Priests have no authority to circumvent the postures decreed by the G.I.R.M.. If a priest has said we must stand during the consecration, the laity has the right to respectfully decline to do so...

Canon 214:
The Christian faithful have the right to worship GOD according to the prescriptions of their own rite approved by the legitimate pastors of the Church, and to follow their own form of spiritual life consonant with the teaching of the Church.
1983 Code of Canon Law.

In addition, the priest cannot refuse reception of Holy Communion to those who respectfully decline to stand during the consecration...

Canon 843:
1. The sacred ministers cannot refuse the sacraments to those who ask for them at appropriate times, are properly disposed, and are not prohibited by law from receiving them.
1983 Code of Canon Law.




The Daily Missal which is provided by all Churches, tells the parishioners what postures to assume at which points in the Mass. It tells us all to KNEEL from the end of the Sanctus, to the end of the Great Amen. The Sanctus is before the Consecration and the Great Amen is after it.

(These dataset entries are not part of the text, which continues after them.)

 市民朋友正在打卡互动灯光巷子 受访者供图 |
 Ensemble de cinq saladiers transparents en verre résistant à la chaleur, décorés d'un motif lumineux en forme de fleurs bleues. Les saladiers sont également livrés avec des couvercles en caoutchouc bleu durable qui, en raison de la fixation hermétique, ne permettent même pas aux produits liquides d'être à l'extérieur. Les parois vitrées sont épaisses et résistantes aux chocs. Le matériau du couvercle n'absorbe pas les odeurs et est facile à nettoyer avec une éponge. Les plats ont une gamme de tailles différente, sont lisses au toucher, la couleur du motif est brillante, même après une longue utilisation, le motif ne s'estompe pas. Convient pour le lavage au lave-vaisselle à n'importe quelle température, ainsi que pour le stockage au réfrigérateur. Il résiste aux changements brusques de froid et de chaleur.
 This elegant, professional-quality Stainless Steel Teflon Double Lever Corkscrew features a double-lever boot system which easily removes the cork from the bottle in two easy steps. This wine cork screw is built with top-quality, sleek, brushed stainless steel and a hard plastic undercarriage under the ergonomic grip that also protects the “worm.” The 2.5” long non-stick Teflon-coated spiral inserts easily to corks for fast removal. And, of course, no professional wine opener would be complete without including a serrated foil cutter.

In this writing, I have provided three authentic Church documents, all of which say the same thing, we do not stand for the Consecration, but we KNEEL to Our Lord Jesus Christ.


Bible references. We Kneel before our GOD...

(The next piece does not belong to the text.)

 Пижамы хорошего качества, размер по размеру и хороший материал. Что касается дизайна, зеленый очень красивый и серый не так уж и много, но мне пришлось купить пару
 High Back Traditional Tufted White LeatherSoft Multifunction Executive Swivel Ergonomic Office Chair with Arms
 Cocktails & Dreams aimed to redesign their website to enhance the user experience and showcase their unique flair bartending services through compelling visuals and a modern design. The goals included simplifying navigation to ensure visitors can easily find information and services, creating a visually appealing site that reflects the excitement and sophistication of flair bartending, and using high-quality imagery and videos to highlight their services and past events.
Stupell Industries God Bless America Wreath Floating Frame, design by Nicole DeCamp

1Kings 8:54, 2Chronicles 6:13-14, Ezra 9:5, Psalm 95:6-7, Isaiah 45:24, Daniel 6:10,10:9-10, Matthew 2:11,17:14, Mark 1:40,10:17, Luke 22:41, Acts 9:40,20:36,21:5, Rom 14:11, Ephesians 3:14, Philippians 2:9-11.




"...For we all stand at the judgment seat of GOD; for it is written,
As I LIVE, says the Lord, to Me EVERY KNEE SHALL BEND, and every tongue shall give praise to GOD."
Romans 14:10-11

Does not this verse describe the Consecration? As the priest calls down THE WORD with his word, the bread and the wine become the LIVING GOD in totality, BODY, BLOOD, SOUL, and DIVINITY. Who would not feel in his heart, the yearning to kneel before the LIVING GOD?
It would be even more reverent for us to prostrate ourselves before Him.